DATA EXCERPT:
=== Begin Enclosure ===
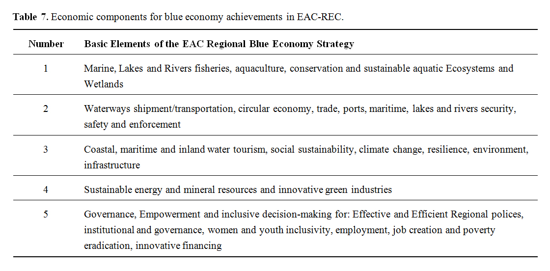 Table 7. Economic components for blue economy achievements in EAC-REC.
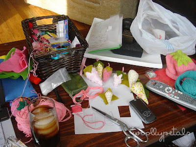Today after a lists of errands got done this morning. I positioned myself in front of the tv to work on some projects. Below is the view of my work area.
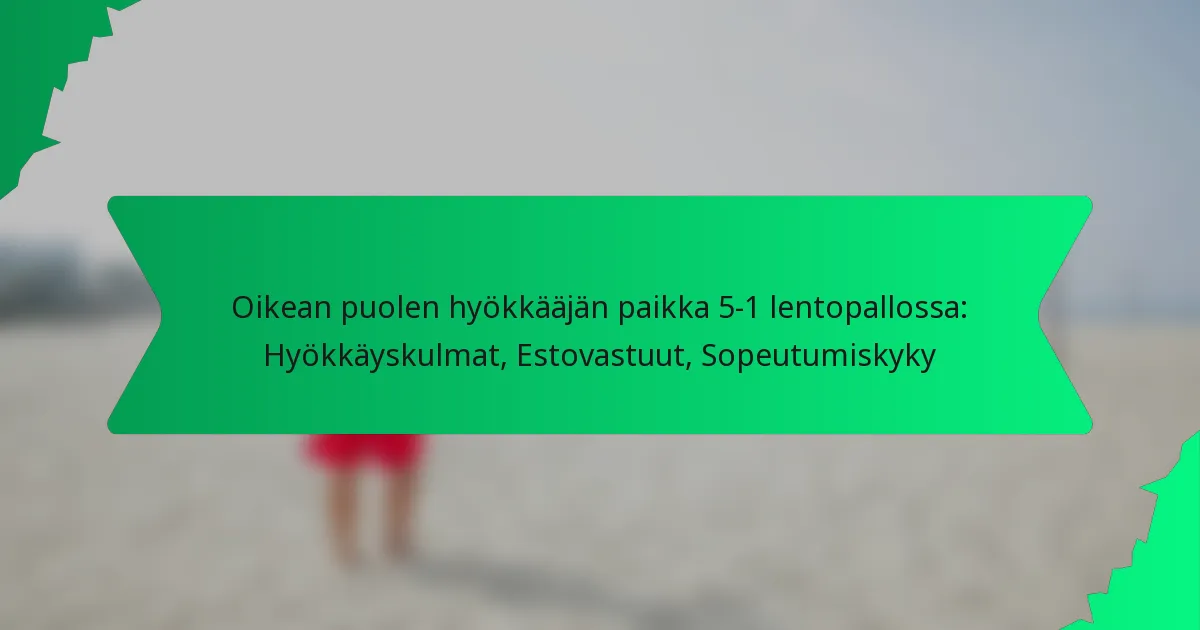 5-1 lentopallojärjestelmässä oikean puolen hyökkääjä on olennainen osa sekä hyökkäys- että puolustusstrategioita. Tämä asema vaatii hyökkäyskulmien hallintaa, jotta pisteytysmahdollisuudet optimoituvat, samalla kun se ottaa merkittäviä torjuntavastuita. Lisäksi sopeutumiskyky on avainasemassa, sillä oikean puolen hyökkääjän on nopeasti mukautettava peliään erilaisiin pelitilanteisiin ja joukkueen dynamiikkaan tehokkaan pelin ylläpitämiseksi.
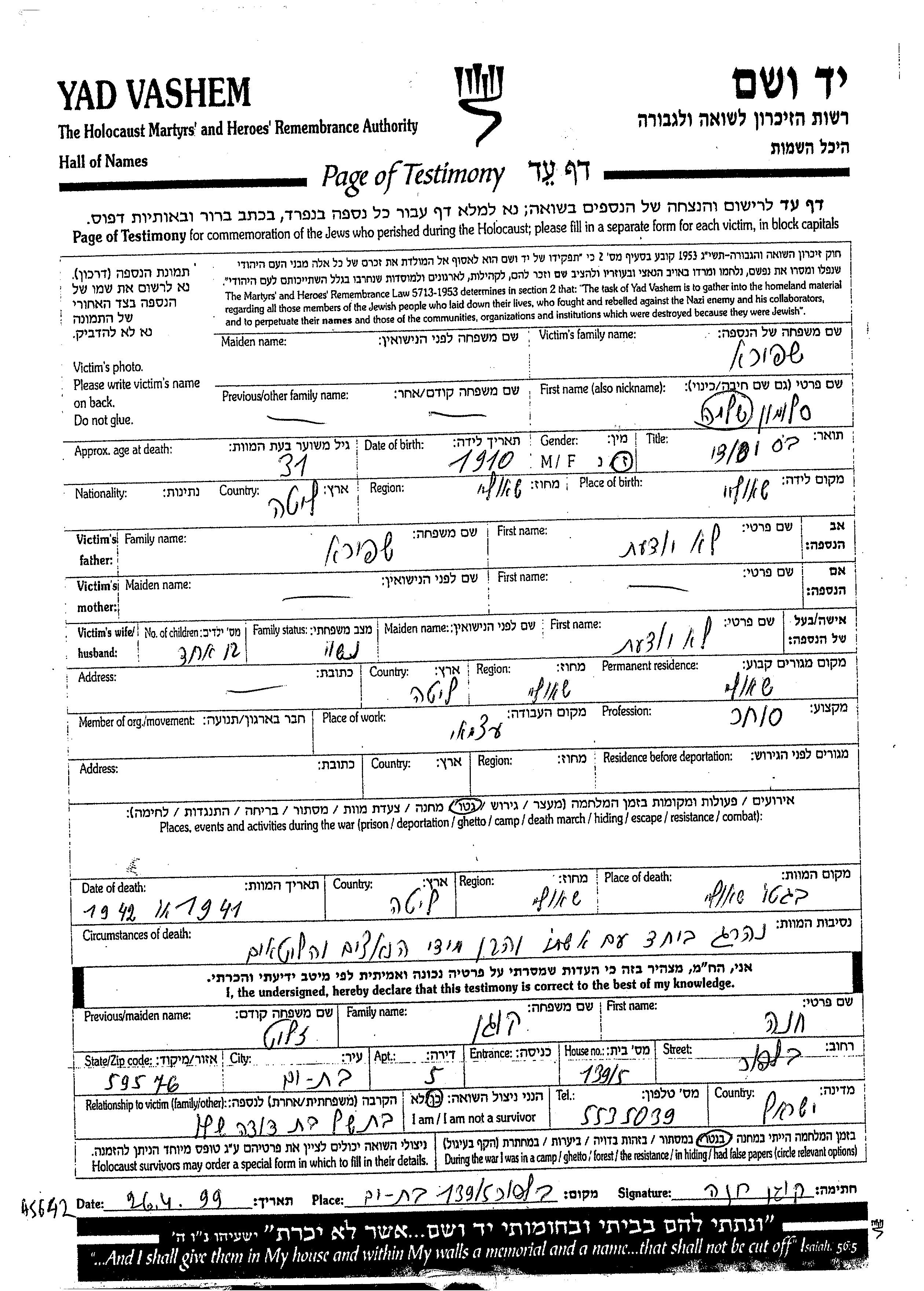 Salomon Shapira wurde im Jahr 1910 in Sauliai, Litauen geboren. Er war Kaufmann/-frau und Verheiratet. Vor dem Zweiten Weltkrieg lebte er in Sauliai, Litauen.
=== End Enclosure ===
WORK ITEM:
I would like the data above transcribed exactly, with its pictures left out.

FINISHED EXERCISE:
 Table 7. Economic components for blue economy achievements in EAC-REC.
Today after a lists of errands got done this morning. I positioned myself in front of the tv to work on some projects. Below is the view of my work area.
 5-1 lentopallojärjestelmässä oikean puolen hyökkääjä on olennainen osa sekä hyökkäys- että puolustusstrategioita. Tämä asema vaatii hyökkäyskulmien hallintaa, jotta pisteytysmahdollisuudet optimoituvat, samalla kun se ottaa merkittäviä torjuntavastuita. Lisäksi sopeutumiskyky on avainasemassa, sillä oikean puolen hyökkääjän on nopeasti mukautettava peliään erilaisiin pelitilanteisiin ja joukkueen dynamiikkaan tehokkaan pelin ylläpitämiseksi.
 Salomon Shapira wurde im Jahr 1910 in Sauliai, Litauen geboren. Er war Kaufmann/-frau und Verheiratet. Vor dem Zweiten Weltkrieg lebte er in Sauliai, Litauen.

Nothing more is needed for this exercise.